Here $1$ is the multiplicative unit of $A$.
(Tentative) Proof:
Let $P(x) = (x + a1)^2 + b^2 1$.
We know that a polynomial expression in $x \in A$ is invertible iff $\textrm{Sp}_A(x) = \{ \lambda \in \mathbb{R}, (x-\lambda) \notin A^{-1}\}$ does not contain any roots of $P$. So, to show that $P(x)$ is not invertible, we must find conditions on $a$ and $b$ such that $P$ has at least one root in $\textrm{Sp}_A(x)$.
Suppose that $x$ is not invertible. Then it is sufficient to choose $a=b=0$.

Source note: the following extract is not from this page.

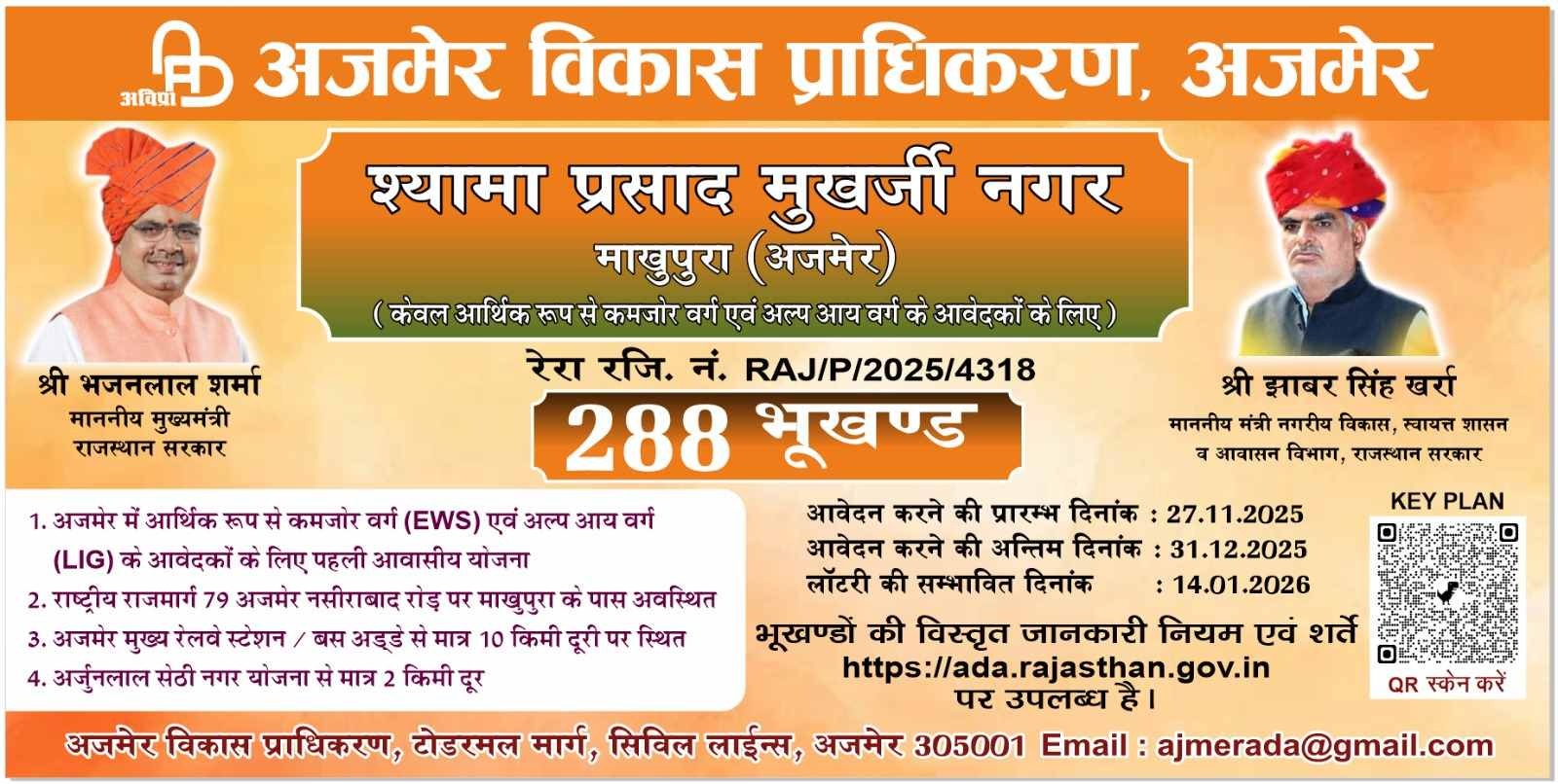 The Ajmer Development Authority (ADA) has announced a new affordable housing scheme titled Shyama Prasad Mukherjee Nagar at Makhupura, aimed exclusively at applicants from the Economically Weaker Section (EWS) and Low-Income Group (LIG). Under the project, 288 residential plots have been made available through an e-lottery system.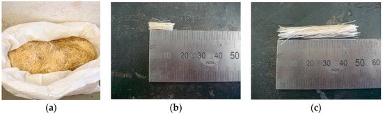 Figure 1 shows the sisal fibres used in the experimental campaign. The sisal fibres had a specific weight of 750–1070 kg/m3 and a diameter ranging between 0.080 and 0.300 mm. Their tensile strength and elongation at rupture were of 230 MPa and 2.08–4.18%, respectively (cf. [19]). The adopted fibre lengths (lf) were approximately 13 and 50 mm.

Now suppose that $x$ is invertible, with spectral radius $\rho$. (most of the proofs I have seen of the spectral radius formula rely on complex Banach algebras but I believe it generalizes to the real case). The roots of $P(x)$ are $-a + ib$ and $-a - ib$. So we need to set $b=0$ and take $|a| < \rho$. Then either root is in $\textrm{Sp}_A(x)$ and the claim is proved.